Our comprehensive cell therapy platform was designed to generate allogeneic, iPSC-derived NK and T cell products for the treatment of both hematological and solid tumor malignancies with significant unmet medical need.
We are leveraging our expertise in cellular reprogramming, genetic engineering, and manufacturing to develop therapies with the potential to overcome many of the challenges inherent to cell therapy and provide a significant advantage over existing cell therapy technologies.
Century’s approach builds on a foundation of proven allogenic and autologous therapy research to transform cell therapy as we know it today.
Century Core Competencies
We have developed highly efficient gene engineering processes to generate our product candidates. We are currently using the CRISPR-MAD7 nuclease to enable precise cutting of the iPSC genome, and have developed proprietary applications of the CRISPR-MAD7 technology to genetically modify iPSCs by simultaneously removing target genes or adding transgenes of interest at precise genetic loci. Our approach preserves genome integrity and achieves more predictable and consistent transgene expression as compared to approaches driven by viruses or transposable segments called transposons, which result in varied gene copy number and random integration events that risk mutations, namely insertional mutagenesis.
We are leveraging our Allo-EvasionTM technology to design cells capable of evading identification and destruction by the host immune system, which may permit dosing in patients with limited or no immune preconditioning regimens. The technology was designed to reduce allogeneic immune-reactivity, thereby potentially helping to prevent rejection by the patient’s immune system, allowing repeat dosing of our CAR-modified cell therapies and sustaining therapeutic efficacy over a long period of time.
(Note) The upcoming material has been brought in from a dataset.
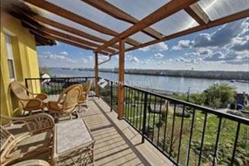 Emelet: Jelenleg három hálószoba került kialakításra, az emeleten található egy sarokkádas fürdőszoba, valamint az egyik hálószobához saját erkély is tartozik. a másik, nagy terasz a télikert tetején helyezkedik el, ahonnan lélegzetelállító panoráma nyílik a Dunára és a Budapestre. Padlófűtés van a házban, és a garázsban is, a szobákban parketta a többi helyiségben minőségi padlólap található.

CAR design is a critical component of innovative cell therapy product candidates. We believe that targeting multiple antigens on tumor cells will help address tumor heterogeneity and antigen loss, which are frequently observed in tumor cells. We have created a proprietary synthetic library to enable in-house binder screens and multiple campaigns against several tumor antigens are ongoing to generate the CAR constructs for future product candidates.
Century is uniquely able to accelerate new product candidate generation by bulk editing progenitor cells to share a core set of common features that increase their functionality, safety and persistence. We believe this approach will significantly shorten the time required to develop subsequent product candidates, unlike existing cell therapy platforms, which require making individual gene engineering steps – a time and resource intensive process.
We believe our use of iPSCs, which have the potential to propagate indefinitely, will allow us to develop a streamlined manufacturing process with scalability advantages while producing consistent, high quality, off-the-shelf products at reduced manufacturing costs. Given the indefinite propagation potential of iPSC-derived allogeneic cells, we believe that a single master cell bank can be used for the lifetime of the product.